Please note that this article was previously published in H2O’s Water matters
Summary
Knowledge of the soil moisture content is of key importance to water managers in order to anticipate extremely wet and dry conditions. OWASIS aims to provide this knowledge by supplying historical and forecasted time series of soil moisture content, storage capacity and shallow (phreatic) groundwater levels. OWASIS combines satellite and radar based observations with water system data in a hydrological model, yielding operational data streams on a national scale. Test users state the product is a valuable addition to their daily operations, and recommend further improvements for the data and their applications.
Introduction
OWASIS aims to provide operational water managers with insight into the available soil moisture, as well as the storage capacity and the shallow (phreatic) groundwater level. The test users’ assessment was that the concept was useful in practice, but that seeking out improvements would be worthwhile.
Water level management revolves around controlling surface and groundwater levels and controlling the water balance. Too much or too little water translates into nuisance or damage for users. Anticipation is crucial to being able to cope with extremes. To that end, water managers monitor surface and groundwater levels and, of course, keep a close eye on the weather forecast.
An important, but unknown, parameter is the moisture content of the soil. How much moisture is available for plants? And, alternatively, how much water can be stored here temporarily in case of hard showers? OWASIS aims to provide the operational water manager with insight into this as yet missing information.
In the event of flooding and water shortages, it is important for water managers to know both the current and expected saturation rate of the soil in their entire management area.
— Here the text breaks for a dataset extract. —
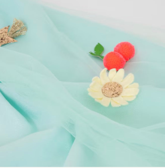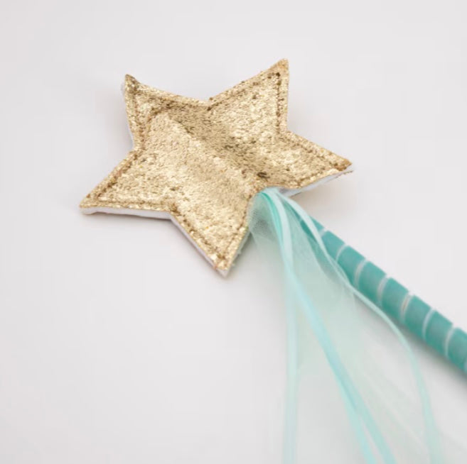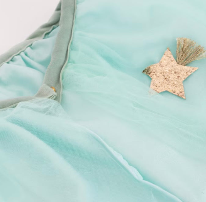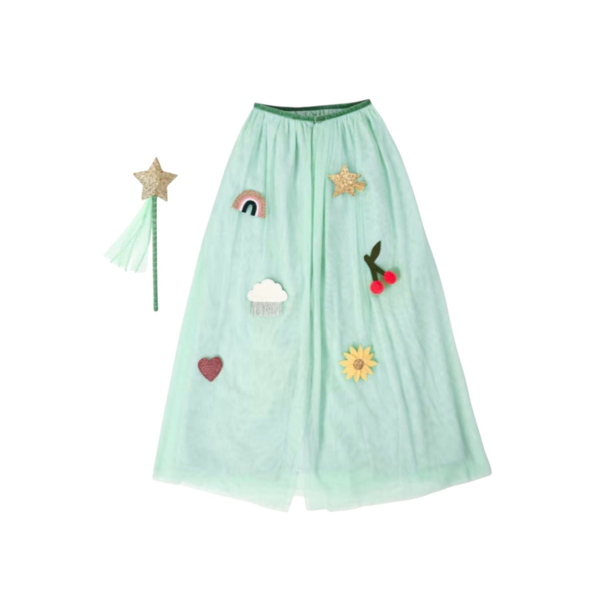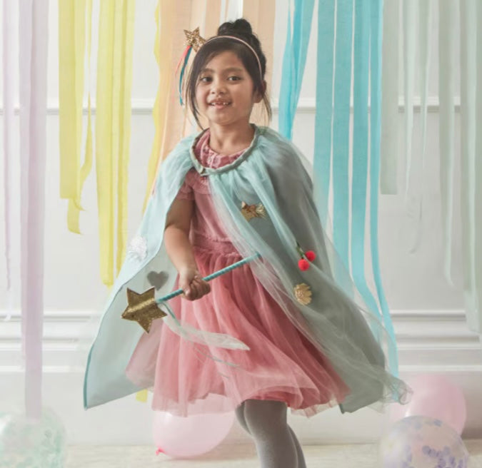 Dieser atemberaubende Umhang von Meri Meri ist das perfekte Accessoire für kleine Zauberinnen und Zauber. Der Umhang ist aus zartem Tüll gefertigt und mit süßen Applikationen verziert. Der samtene Besatz und der praktische Druckknopf sorgen für einen sicheren Sitz. Mit dem passenden Holzstab, verziert mit glitzerndem Stoff und Bändern, können Kinder ab 3 Jahren magische Momente erleben.

In this way, the soil reservoir can be better used to either temporarily store water or to retain the available water in a timely manner. In this article, we explain the concept of OWASIS and demonstrate the initial insights gained from applying OWASIS to the practices of water management.
Concept and elaboration
The soil moisture content, the amount of water in the uppermost 1 – 1.5 metres of the soil, determine the growing conditions for plants and crops. In-situ monitoring of soil moisture is expensive and difficult to implement due to the heterogeneity of the soil, meaning that measurements only contain information from the environment directly around the sensor. For this reason, the conditions for nature and agriculture have traditionally been indirectly evaluated on the basis of groundwater level measurements and statistics derived from them, such as the GHG and GLG (the average highest and lowest groundwater levels; respectively. For more information, see the following website: http://edepot.wur.nl/163486).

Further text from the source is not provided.